About this task:
Set down, exactly as written, the lines from the top of the data to the line that holds "如果玩家打出的牌能够一下扫光", and omit the pictures.

━━━━━ Data extracts

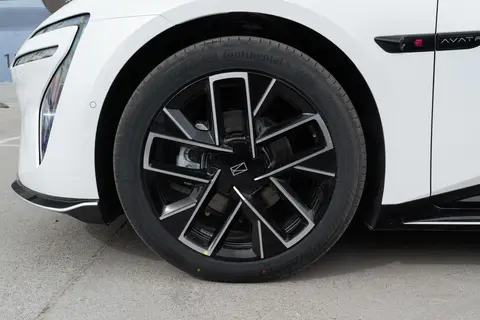 最后聊聊外观设计,现在很多新能源汽车的外观都比较相似,圆车头加贯穿式大灯的设计让人有些审美疲劳,但阿维塔 06 Elite 版的设计很有辨识度,充满未来感,很符合年轻人的审美。前脸的 F 型贯穿式大灯造型独特,日间行车灯采用三段式设计,点亮后像展开的翅膀,夜晚行驶时辨识度很高,老远就能认出这款车。大灯下方的进气口做了熏黑处理,搭配低趴的车头,营造出很强的运动感,不会给人软绵绵的感觉。
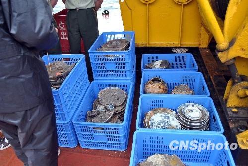 2010年5月10日,位于汕头南澳县乌屿和半潮礁之间海域的明代古沉船“南澳Ⅰ号”再有上千件文物出水。据了解,“南澳Ⅰ号”古沉船里面的文物摆放整齐,没有太多损坏。而且大部分也没有翻动过。 中新社发 牟财源 摄
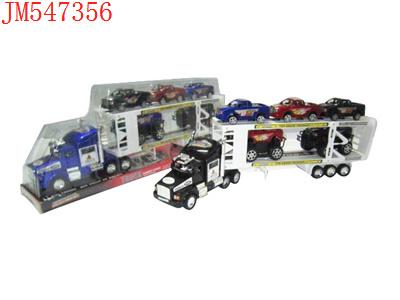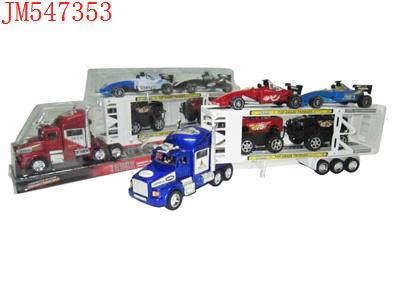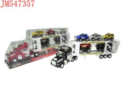 - 喷漆惯性双层平板车载2只惯性赛车2只滑行越野车(红蓝黑)发布日期 :2011-09-26
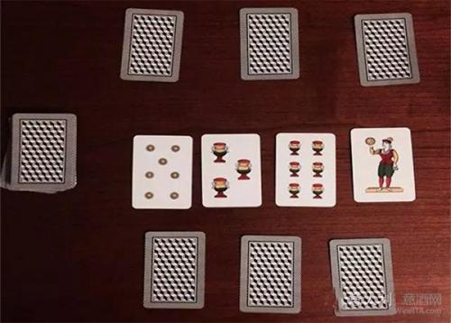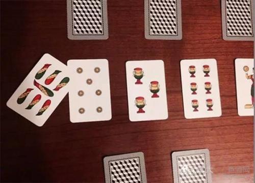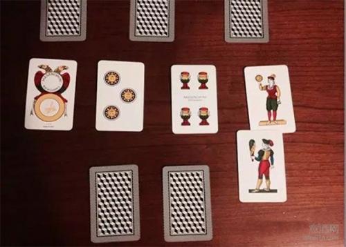 如果玩家打出的牌能够一下扫光桌面上所有的牌,就说明玩家玩了一次“SCOPA”。最后计分的时候,一次”SCOPA”算1分。每打出一次“SCOPA”,计分牌里就该有一张牌正面朝上,以方便最后计分。(如下图所示)
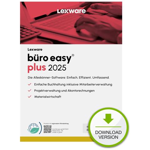 Lexware büro easy plus 2025 Download Jahresversion (365-Tage). Tipo: Contabilità, Tipo software: Download di software elettronico (ESD), Versione lingua: Tedesca. Sistema operativo Windows supportato: Windows 11 Enterprise x64, Windows 10, Windows 11 Home, Windows 10 Education, Windows 11 Pro,...
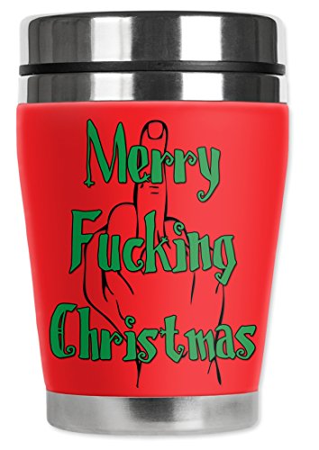 Mugzie Merry Fcking Christmas "Mini" Travel Mug with Insulated Wetsuit Cover, 12 oz, Black
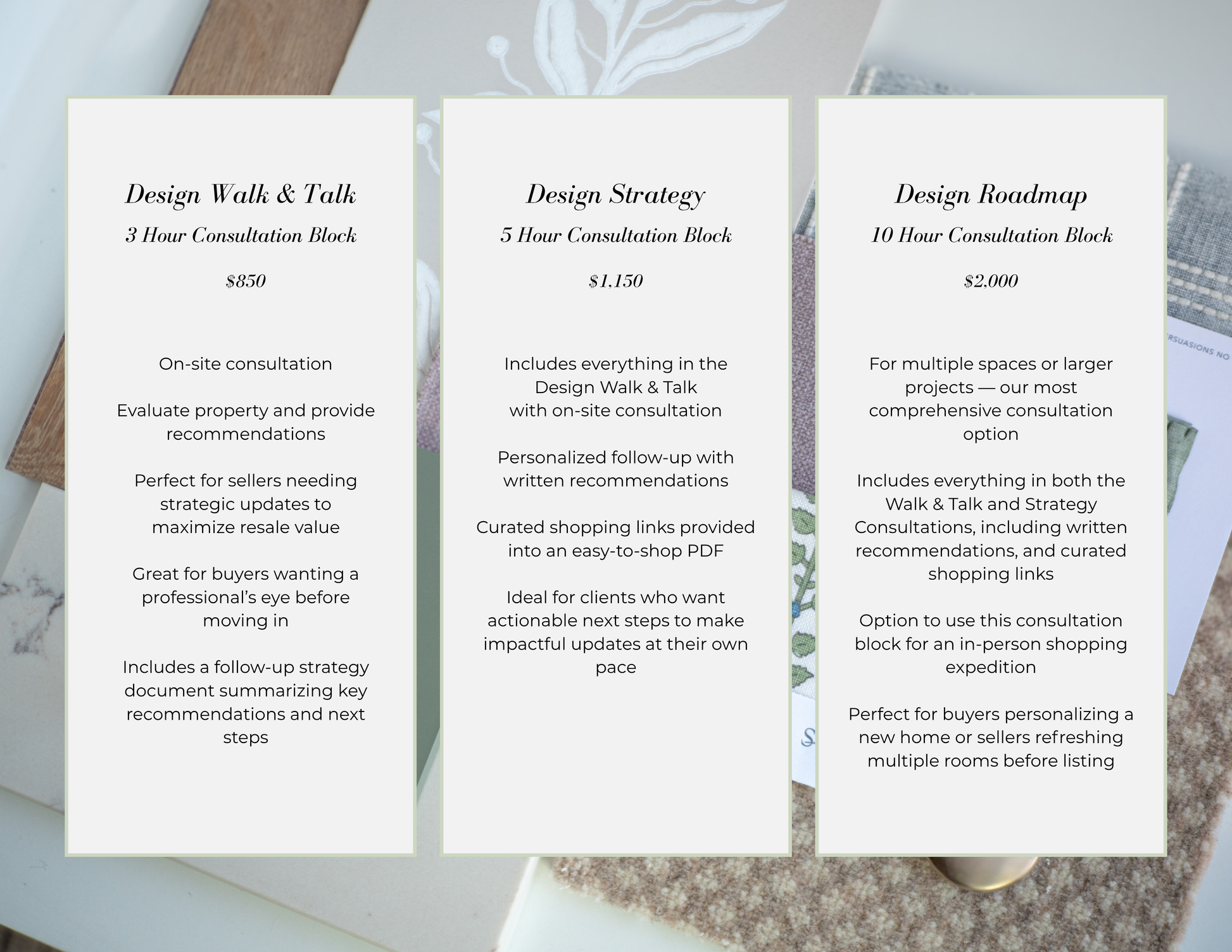 The purchase of a time block covers the hours specified in the selected package. Any additional design services outside the purchased time block, including a la carte services or follow-up consultations, require an additional time block.

━━━━━━━━━━

Written response:
 最后聊聊外观设计,现在很多新能源汽车的外观都比较相似,圆车头加贯穿式大灯的设计让人有些审美疲劳,但阿维塔 06 Elite 版的设计很有辨识度,充满未来感,很符合年轻人的审美。前脸的 F 型贯穿式大灯造型独特,日间行车灯采用三段式设计,点亮后像展开的翅膀,夜晚行驶时辨识度很高,老远就能认出这款车。大灯下方的进气口做了熏黑处理,搭配低趴的车头,营造出很强的运动感,不会给人软绵绵的感觉。
 2010年5月10日,位于汕头南澳县乌屿和半潮礁之间海域的明代古沉船“南澳Ⅰ号”再有上千件文物出水。据了解,“南澳Ⅰ号”古沉船里面的文物摆放整齐,没有太多损坏。而且大部分也没有翻动过。 中新社发 牟财源 摄
 - 喷漆惯性双层平板车载2只惯性赛车2只滑行越野车(红蓝黑)发布日期 :2011-09-26
 如果玩家打出的牌能够一下扫光桌面上所有的牌,就说明玩家玩了一次“SCOPA”。最后计分的时候,一次”SCOPA”算1分。每打出一次“SCOPA”,计分牌里就该有一张牌正面朝上,以方便最后计分。(如下图所示)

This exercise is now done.